We tested the effects of tegaserod only in healthy female volunteers. Phase III studies have demonstrated that tegaserod is active in a sub-group of female patients with constipation-predominant irritable bowel syndrome.12,20,21 This might be explained by the predominance of irritable bowel syndrome in women. The lack of an effect of tegaserod in the male sub-group might be the consequence of a type II error, related to an insufficient number of patients. During previous experiments, we did not observe any gender difference in the effects of rectal distensions on the RIII response reflex, irrespective of the site or type of distension.6–8,38 Other data have also demonstrated that the activation of DNIC is not significantly affected by sex.39 However, a potential effect of tegaserod on visceral sensation in healthy male subjects should be confirmed in further studies.
In irritable bowel syndrome patients, we have recently reported that the effect of slow ramp distension on the RIII reflex response is dramatically different from that in healthy subjects: we observed a significant enhancement in the RIII response in most patients.40 These data suggest that a defect of certain pain modulating systems might be implicated in the genesis of irritable bowel syndrome symptoms. Investigation of the effects of tegaserod in such patients warrants further study using the RIII technique.

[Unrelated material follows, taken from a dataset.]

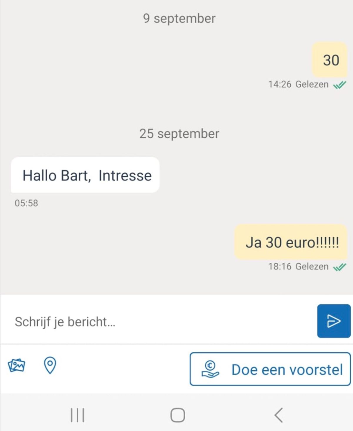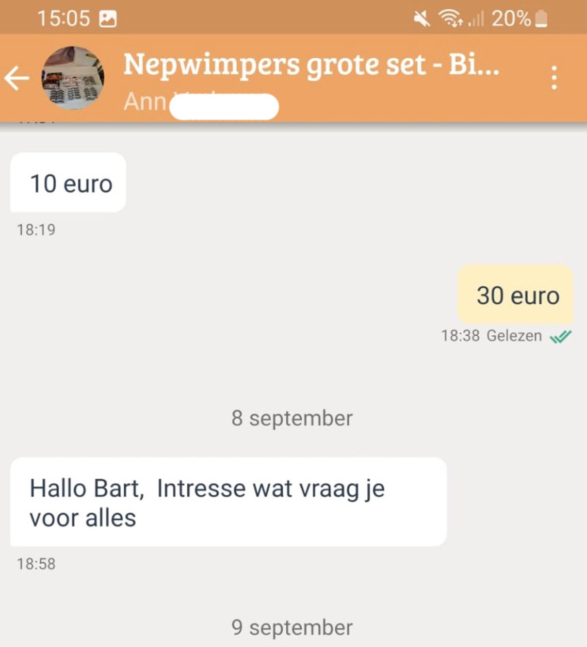 De vrouw stuurt een bericht waarin ze vraagt naar de beschikbaarheid en de prijs van de wimpers. De verkoper reageert kortaf, zonder veel uitleg.

In conclusion, tegaserod, a 5-HT4 partial agonist, specifically decreased the inhibition of the RIII nociceptive reflex, induced by slow ramp distension, in healthy female subjects. These results strongly suggest that, in healthy humans, tegaserod has an anti-nociceptive effect; this explains the reduction in abdominal discomfort/pain observed during phase III clinical studies in female patients with constipation-predominant irritable bowel syndrome. Further investigations are required in this patient population using the same methods.
This work was performed at Hôpital Louis Mourier, 178 rue des Renouillers, 92700 Colombes Cedex, France.